• **DATA RECORDS**
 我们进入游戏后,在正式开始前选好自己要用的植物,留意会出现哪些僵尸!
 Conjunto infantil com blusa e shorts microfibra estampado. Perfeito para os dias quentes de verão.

==

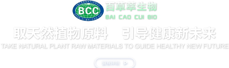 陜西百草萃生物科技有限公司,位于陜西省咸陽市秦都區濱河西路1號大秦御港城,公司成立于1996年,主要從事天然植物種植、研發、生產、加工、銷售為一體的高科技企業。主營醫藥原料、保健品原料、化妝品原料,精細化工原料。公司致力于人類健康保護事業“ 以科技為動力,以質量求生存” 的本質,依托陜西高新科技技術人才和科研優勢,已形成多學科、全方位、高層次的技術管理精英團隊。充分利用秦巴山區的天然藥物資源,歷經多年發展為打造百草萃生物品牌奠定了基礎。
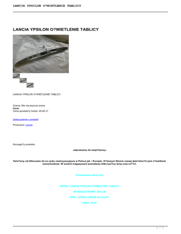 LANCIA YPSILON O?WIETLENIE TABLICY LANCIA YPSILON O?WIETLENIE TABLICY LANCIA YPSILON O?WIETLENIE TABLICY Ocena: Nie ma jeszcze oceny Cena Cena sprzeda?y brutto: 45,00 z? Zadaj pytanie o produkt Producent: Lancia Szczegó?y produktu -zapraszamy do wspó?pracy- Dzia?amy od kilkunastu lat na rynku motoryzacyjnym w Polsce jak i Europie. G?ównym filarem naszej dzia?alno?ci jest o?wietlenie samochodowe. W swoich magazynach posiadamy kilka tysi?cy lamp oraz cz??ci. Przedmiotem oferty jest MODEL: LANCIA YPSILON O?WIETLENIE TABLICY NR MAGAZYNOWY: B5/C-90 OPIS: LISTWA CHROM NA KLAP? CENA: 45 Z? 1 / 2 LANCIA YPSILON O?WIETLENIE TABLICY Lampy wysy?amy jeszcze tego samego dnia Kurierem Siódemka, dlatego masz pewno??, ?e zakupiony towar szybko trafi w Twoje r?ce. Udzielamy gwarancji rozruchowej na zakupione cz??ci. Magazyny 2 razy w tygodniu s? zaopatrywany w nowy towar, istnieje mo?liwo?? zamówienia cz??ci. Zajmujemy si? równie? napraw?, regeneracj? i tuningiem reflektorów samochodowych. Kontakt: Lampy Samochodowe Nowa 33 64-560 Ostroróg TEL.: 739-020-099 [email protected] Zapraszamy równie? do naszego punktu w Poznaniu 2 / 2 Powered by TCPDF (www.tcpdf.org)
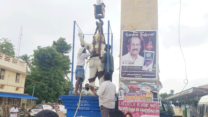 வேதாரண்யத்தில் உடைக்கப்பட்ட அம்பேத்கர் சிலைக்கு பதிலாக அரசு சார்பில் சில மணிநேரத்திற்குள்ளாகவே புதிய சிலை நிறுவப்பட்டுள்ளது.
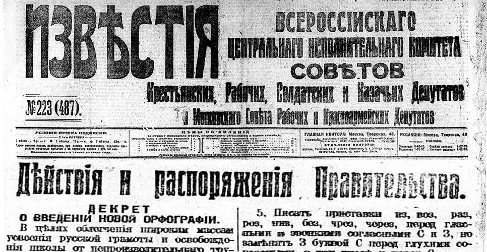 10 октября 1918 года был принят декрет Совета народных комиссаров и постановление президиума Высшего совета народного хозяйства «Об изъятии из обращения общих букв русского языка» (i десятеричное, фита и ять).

* * *

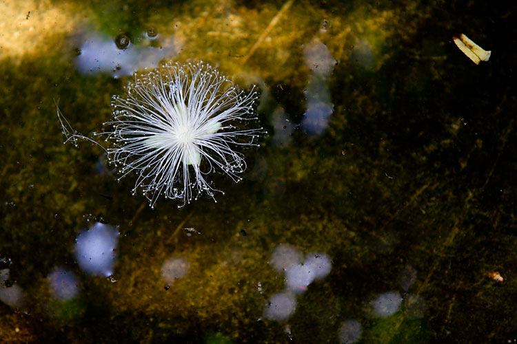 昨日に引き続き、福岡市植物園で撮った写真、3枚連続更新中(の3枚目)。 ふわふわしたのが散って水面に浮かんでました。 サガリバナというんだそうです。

• **WHAT YOU SHOULD DO**
Look above for the line with "வேதாரண்யத்தில் உடைக்கப்பட்ட அம்பேத்கர்" and the line with "10 октября 1918", then restate exactly those two lines and all lines between them, with no pictures.

• **TASK SOLUTION**
 வேதாரண்யத்தில் உடைக்கப்பட்ட அம்பேத்கர் சிலைக்கு பதிலாக அரசு சார்பில் சில மணிநேரத்திற்குள்ளாகவே புதிய சிலை நிறுவப்பட்டுள்ளது.
 10 октября 1918 года был принят декрет Совета народных комиссаров и постановление президиума Высшего совета народного хозяйства «Об изъятии из обращения общих букв русского языка» (i десятеричное, фита и ять).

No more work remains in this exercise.